Some posters really have very low expectations of men and their behaviour.

A lot of us are married to lovely men so when we come across behaviour by men who are supposed to love us that we would find hurtful and very humiliating then it's not "bonkers"

Isn't that a form of gaslighting?!

Goodness so many women appear to expect so little in the way of kind and thoughtful behaviour on here it is tragic.

Ok op, your fiance is a delight, don't worry, he is being kind and thoughtful for you by excluding you from having to deal with his friends and true behaviour Hmm

NamechangeoutedbyMIL · 02/01/2020 19:32

@BraveGoldie

Thank you Flowers summed up my feelings on this thread very well. He is a good, kind, funny, thoughtful, handsome man who goes above and beyond for me practically every day. I certainly didn't expect to come on here and have people absolutely convinced that my DP, a man they don't know from Adam is seeing prostitutes, taking drugs, conspiring behind my back, cheating on me let alone that he is only with me for my money... (my paltry 25k salary... Hardly) despite the fact that when he was the main earner he was very good about it.

I don't think this thread was very helpful, we are genuinely happy, this is the only argument we've had for about 3 years and really, it's quite a minor thing. Yes, we need to discuss in more detail but the absolute screams of LTB are over the top completely.

I appreciate everyone posting and trying to help but not every man who has a couple of small perfections is an abusive, cheating, drug addicted cunt!!!

OP posts:
Elbeagle · 02/01/2020 19:40

Crack on then OP Smile. Hope you sort it with a little chat.

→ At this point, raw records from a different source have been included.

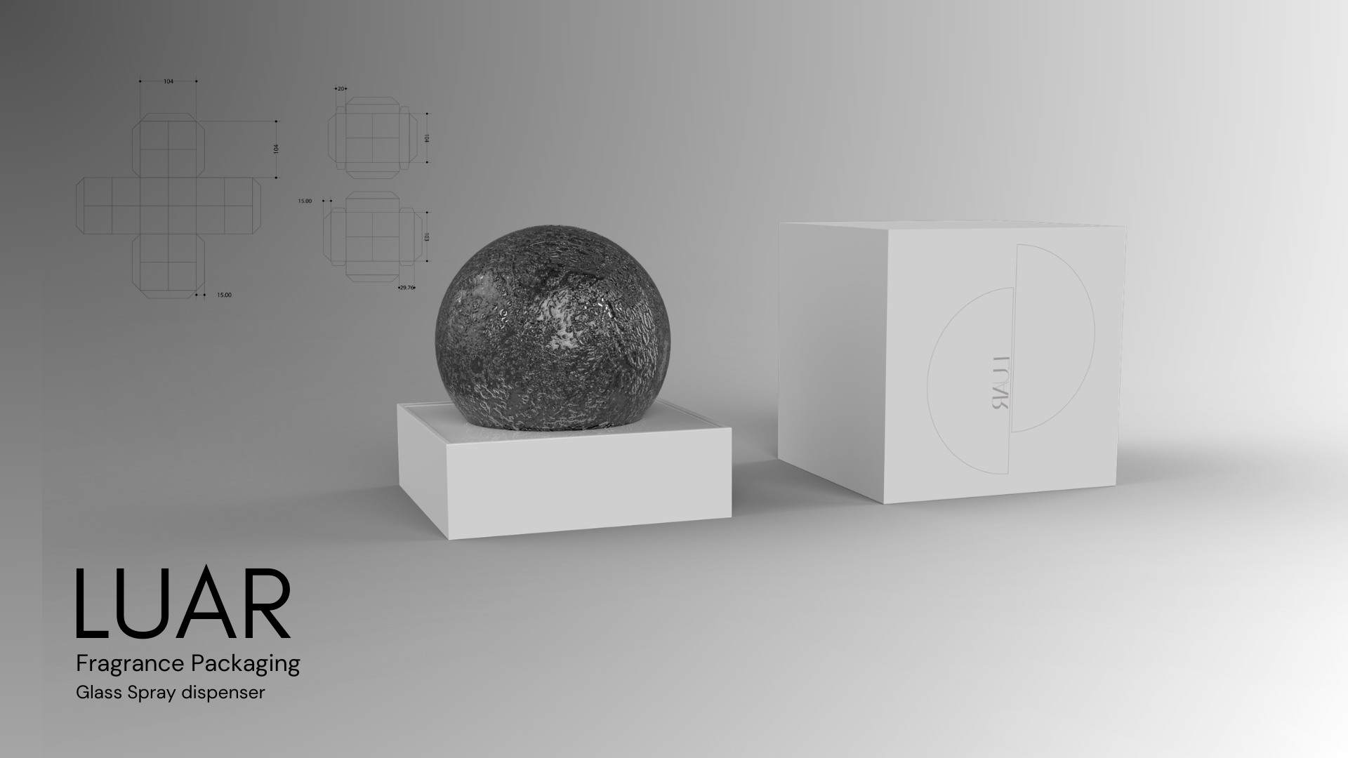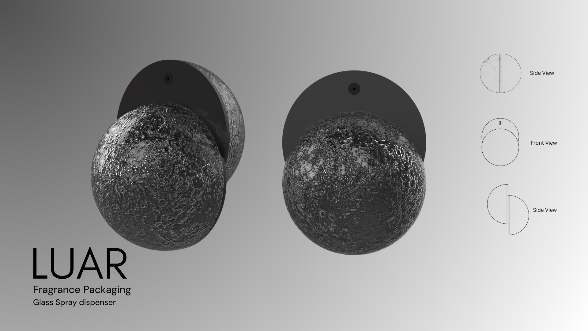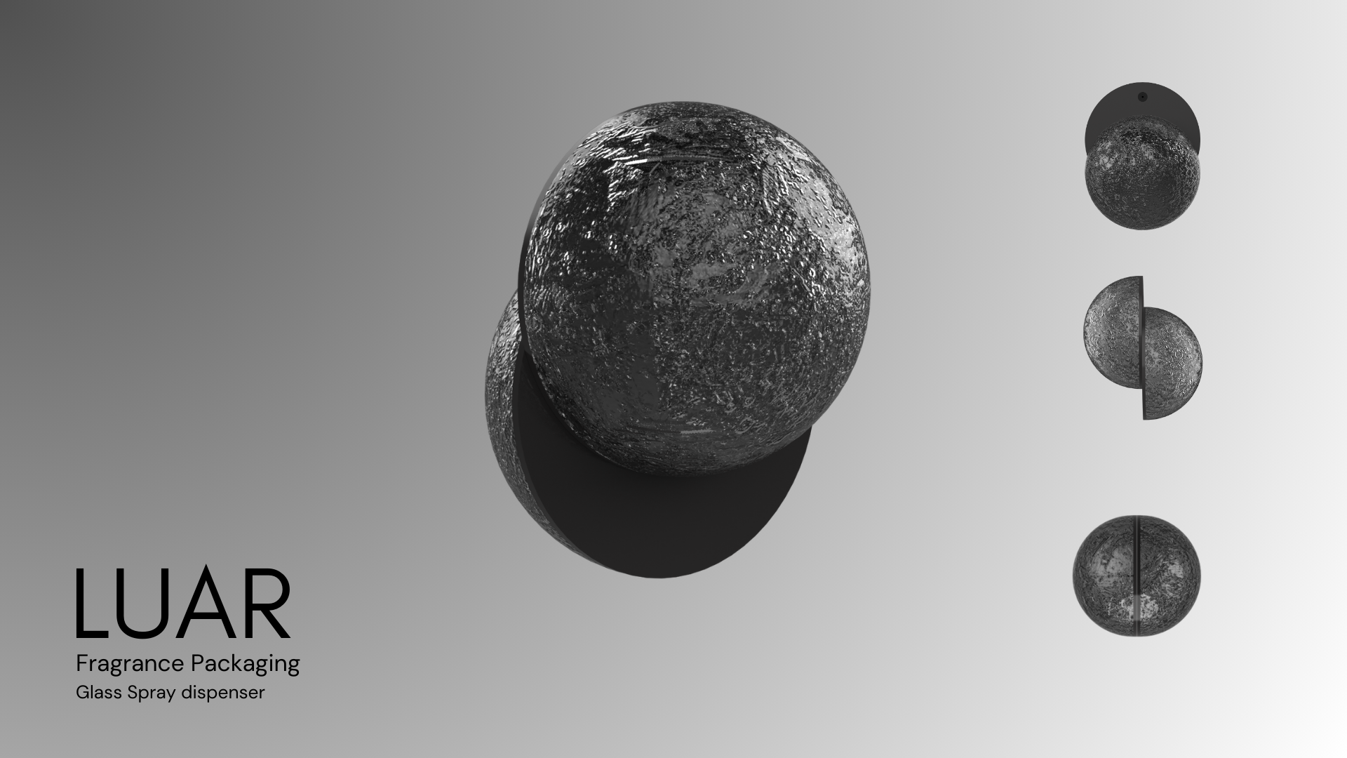 Luar is a fragrance bottle inspired by the moon’s first and third quarter phases, crafted entirely from glass. The form is based on the division of a sphere into two hemispheres, reflecting the visual similarity of these lunar phases while revealing their deeper contrasts. The design embodies the intersection of structure, narrative, and user experience, where design functions simultaneously as object and concept.
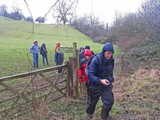 A total of 9 attended, with a hardy crew of 8 actually going out in the murk to look at the crater. We were joined by User:brianboru for lunch. After lunch some detail was mapped in the village of Hanbury and 3 separate parties covered further footpaths on the ground.
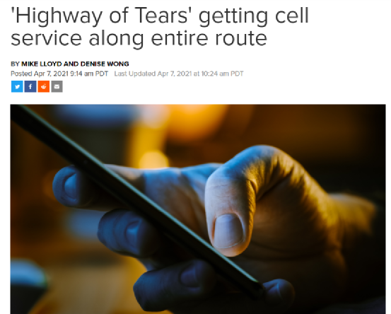 4月7日NES1130 发布了一则新闻,称BC省北部16号公路附近区域终于要实现手机信号全覆盖啦。按理说,这种事没什么新闻价值,可是它偏偏就吸引了很多人的关注,原因就在于这个路段就是臭名昭著的“泪之公路”(Highway of Tears),上世纪70年代至今,40多名女性在这个路段失踪或被杀害,无数亲人朋友的泪水已经浸透了这条恐怖的“死亡之路”。
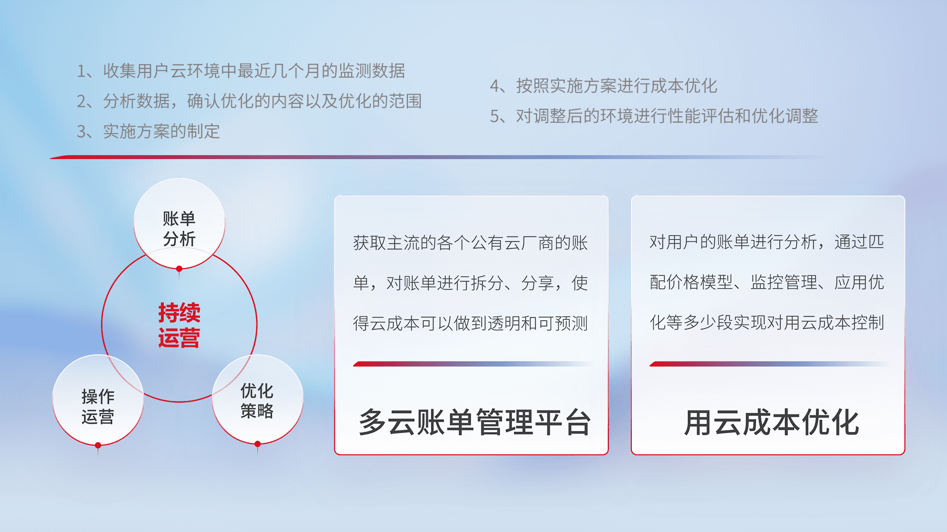 通过多云纳管,,以统一的资源数据模型把客户的云资源进行抽象和封装,,进而实现对多云资源的统一操作,,,保障云资源管理的可靠性、、、、稳定性与可用性。。量身定制化运维内容,,,配置、、、开发运维、、、补丁管理、、备份、、、监控、、、、认证和访问管理、、审计和日常巡检等,,保障在用云过程中的可靠度,,,稳定度以及高可用率。。。。

SleightOfMind · 02/01/2020 21:21

This has reminded me of a row I had with DH years ago.
Although he was very keen for me to meet his family and family friends, he seemed reluctant to have me spend any time with a specific group of his single male friends.

It turned out to be him feeling insecure about himself and worrying that, if I saw him in a bad light, he might lose me.
Daft Loon that he was.
There could be loads of reasons your radar has picked up that he he has an issue with this. Sometimes a good old row is the only way to bust things open for an honest conversation.
He’s behaving weirdly and it’s made you feel bad. You need to talk kindly to each other about it.

anothermamaa · 02/01/2020 21:34

That's good OP, sounds like a good chat with him would be the ticket. From everything else you've said he sounds like a reasonable guy who will listen to and respect your feelings .

When I posted earlier with my experience, the context with my ex was that he was going out all night multiple times a week and almost certainly has a drug and alcohol problem... He also refused to have a discussion about it . So much more extreme than your DP!

I think as long as you feel can have a good chat about it and take each other's feeling on board then you'll be fine.